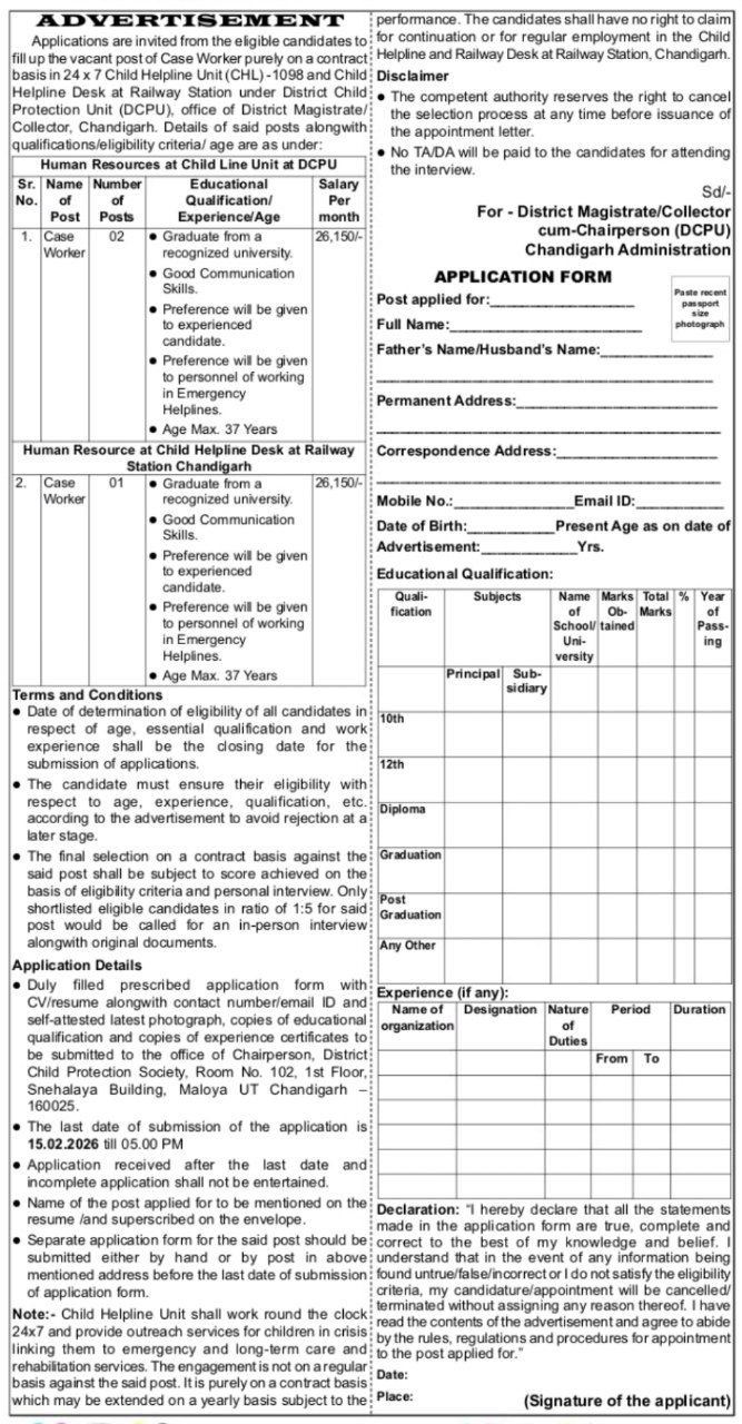 District Child Protection Unit Chandigarh Recruitment 2026District Magistrate/Collector cum-Chairperson (DCPU) Chandigarh Administration
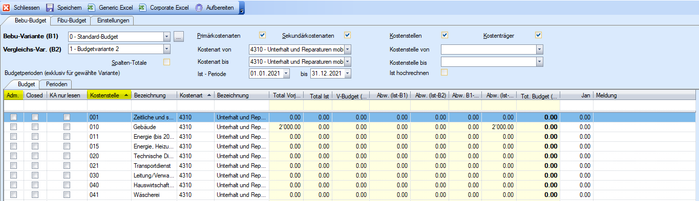 - Es gibt die Stufen 'Kostenstelle' und 'Adm', was in den Spalten ersichtlich ist.
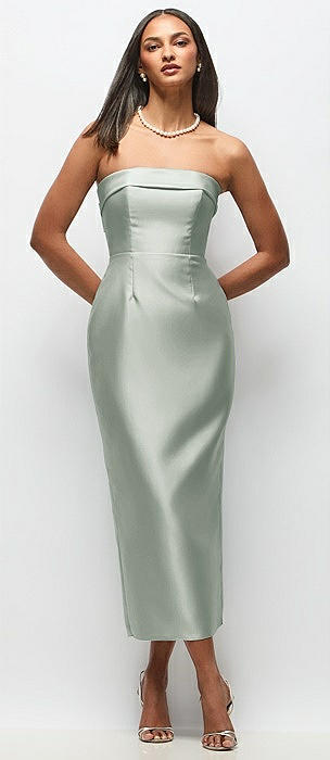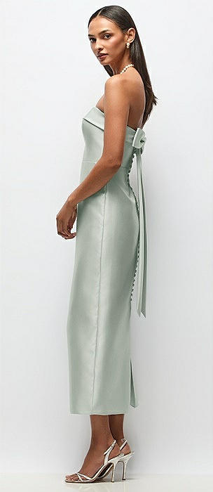 Strapless Cuff Satin Midi Dress with Column Skirt & Back Bow in willow green
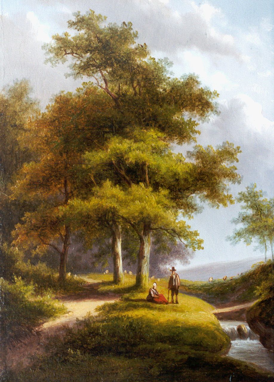 Morel II J.E.  | Jan Evert Morel II, Travellers near a stream, Öl auf Holz 20,4 x 15,1 cm, signed l.l.

###

Write out again, word for word, the lines from the one holding "Strapless Cuff Satin" through the final line of the listing, including both ends but no pictures.

 Strapless Cuff Satin Midi Dress with Column Skirt & Back Bow in willow green
 Morel II J.E.  | Jan Evert Morel II, Travellers near a stream, Öl auf Holz 20,4 x 15,1 cm, signed l.l.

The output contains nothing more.